Эту же мысль Маркс снова подчеркивает в Послесловии ко 2-му изданию того же тома, цитируя слова петербургского рецензента: «Маркс рассматривает общественное движение как естественноисторический процесс, которым управляют законы...». Внимательный анализ этой (экономической) жизни неоднократно убеждал многих исследователей, уже с сороковых годов, в неверности того взгляда старых экономистов на природу экономического закона, по которому последний однороден с законами физики и химии. «Более глубокий анализ явлений показал, что социальные организмы отличаются друг от друга не менее глубоко, чем организмы ботанические и зоологические»[2].
[2] Там же, стр. 20—21.
По поводу всей іпроцитированной им рецензии Маркс говорит, что здесь автор ее удачно очертил «то, что он называет моим действительным методом...»[3]. Нас сейчас интересует только одно: отношение Маркса к сопоставлению между естественными науками и политической экономией. Здесь параллель между ними проведена достаточно глубоко.
[3] Та м же, стр. 21.
В самом же I томе «Капитала» о Дарвине сказано: «Относительно естественных органов растений и животных Дарвин в своей составившей эпоху работе «Происхождение видов» говорит: «Причина изхменчивости органов в тех случаях, когда один и тот же орган выполняет различные работы, заключается, быть может, в том, что здесь естественный подбор менее тщательно поддерживает или подавляет каждое мелкое уклонение формы, чем в тех случаях, когда один орган предназначен лишь для определенной обособленной задачи. Так, например, ножи, предназначенные для того, чтобы резать самые разнообразные вещи, могут в общем сохранять более или менее одинаковую форму; но раз инструмент предназначен для одного какого-либо употребления, он при переходе к другому употреблению должен изменить и свою форму»[1].

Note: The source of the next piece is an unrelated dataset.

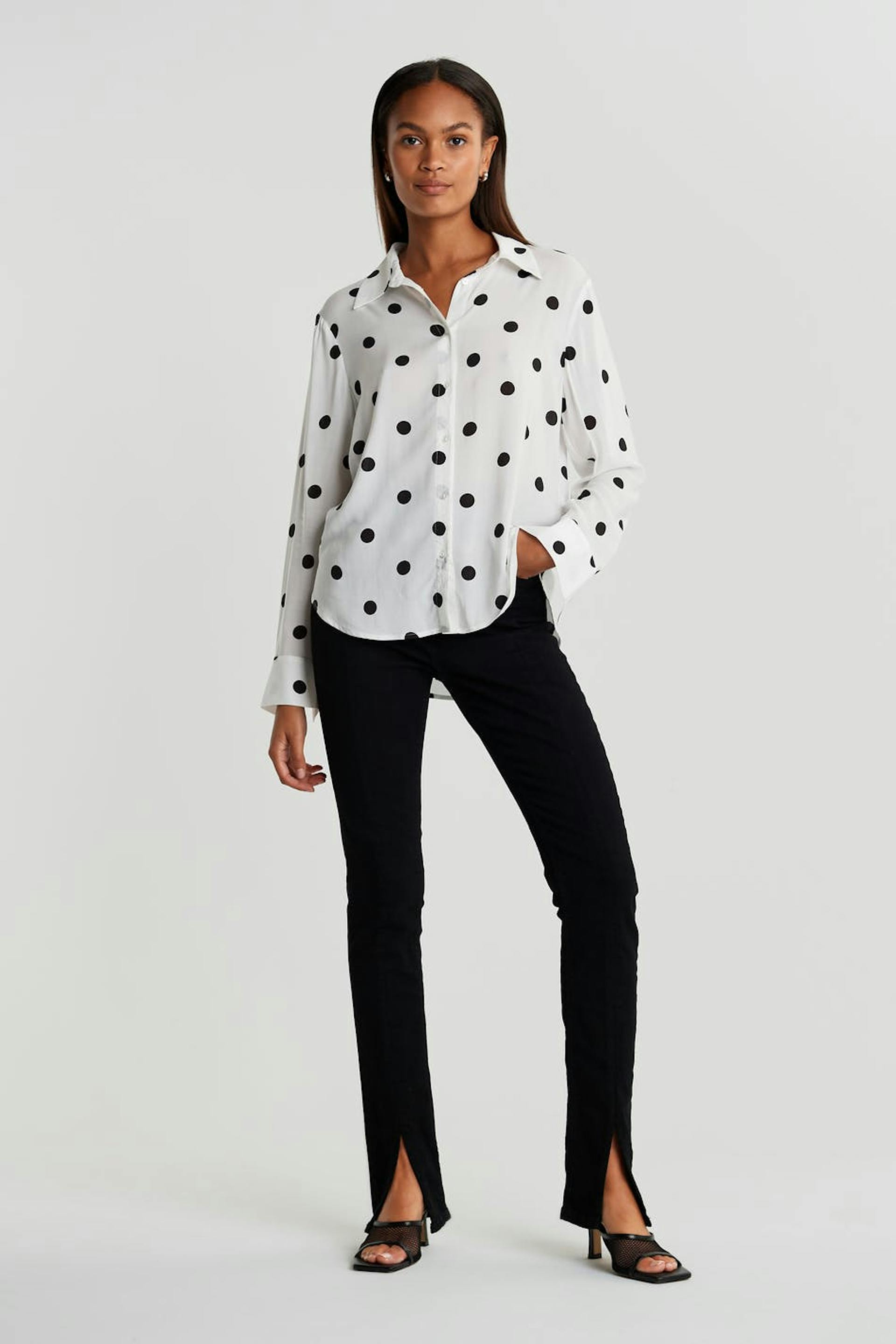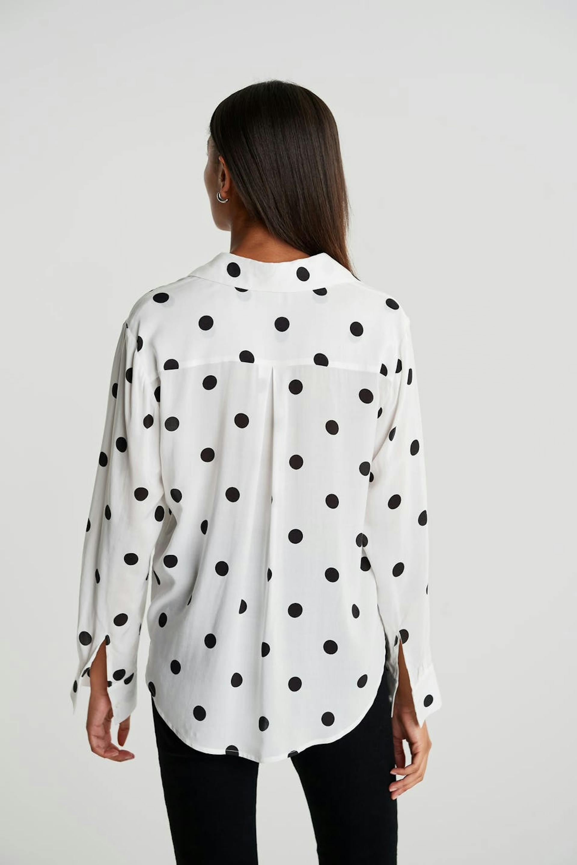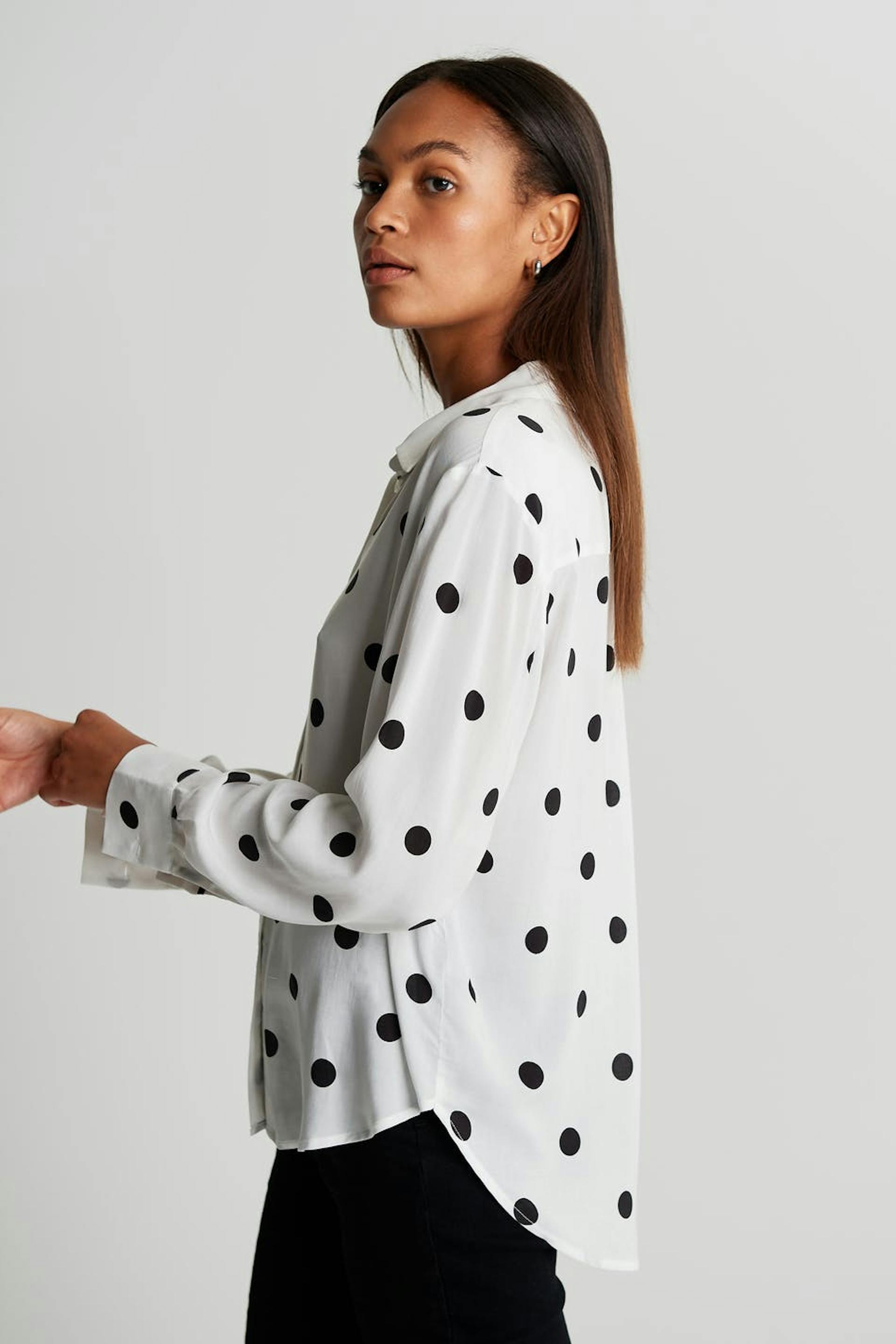 Pilkullinen paita pitkillä hihoilla. Paita on valkoinen, pehmeä ja takaa hieman pidempi.

[1] К. Маркс и Ф. Энгельс. Соч., т. 23, стр. 353—354, примечание.
Далее Маркс снова обращается к Дарвину: «Дарвин интересовался историей естественной технологии, т. е. образованием растительных и животных органов, которые играют роль орудий производства в жизни растений и животных. Не заслуживает ли такого же внимания история образования производительных органов общественного человека, история этого материального базиса каждой особой общественной организации?»[2].
[2] Там же, стр. 383, примечание.
Здесь, как видим, дается оценка книги Дарвина не только с той стороны, что в ней стихийно раскрывается диалектика развития живой природы, но и специально в разрезе глубокой параллели, проведенной между развитием этой живой природы и развитием технологии общественного материального производства.
Еще раньше по поводу «Происхождения видов» Дарвина Маркс писал Энгельсу 19 декабря 1860 г.: «Хотя изложено грубо, по-английски, но эта книга дает естественноисторическую основу для наших взглядов» 3.
[3] К. Маркс и Ф. Энгельс. Соч., т. 30, стр. 102.
Вскоре после этого в письме к Лассалю от 16 января 1861 г. Маркс еще больше усиливает свою оценку книги Дарвина в том смысле, что он видит в ней естественноисторическую основу своего учения: «Очень значительна работа Дарвина, она годится мне как естественнонаучная основа понимания исторической борьбы классов.
Приходится, конечно, мириться с грубой английской мацерой изложения»[4]. Под грубой английской манерой здесь Маркс имеет в виду индуктивно-эмлирический способ (метод) мышления, процветавший в те времена в Англии.
[4] Там же, стр. 475.
Однако признание Марксом того, что книга Дарвина дает естественноисторическую основу марксистского учения, ни в коем случае нельзя рассматривать как малейшую уступку будущему социал-дарвинизму, как ничтожную тень такой уступки. Маркс и Энгельс со всей силой обрушивались на любое проявление социал-дарвинизма с его попытками подменить законы общественного развития биологическими законами, в частности попытками свести борьбу классов к борьбе за существование.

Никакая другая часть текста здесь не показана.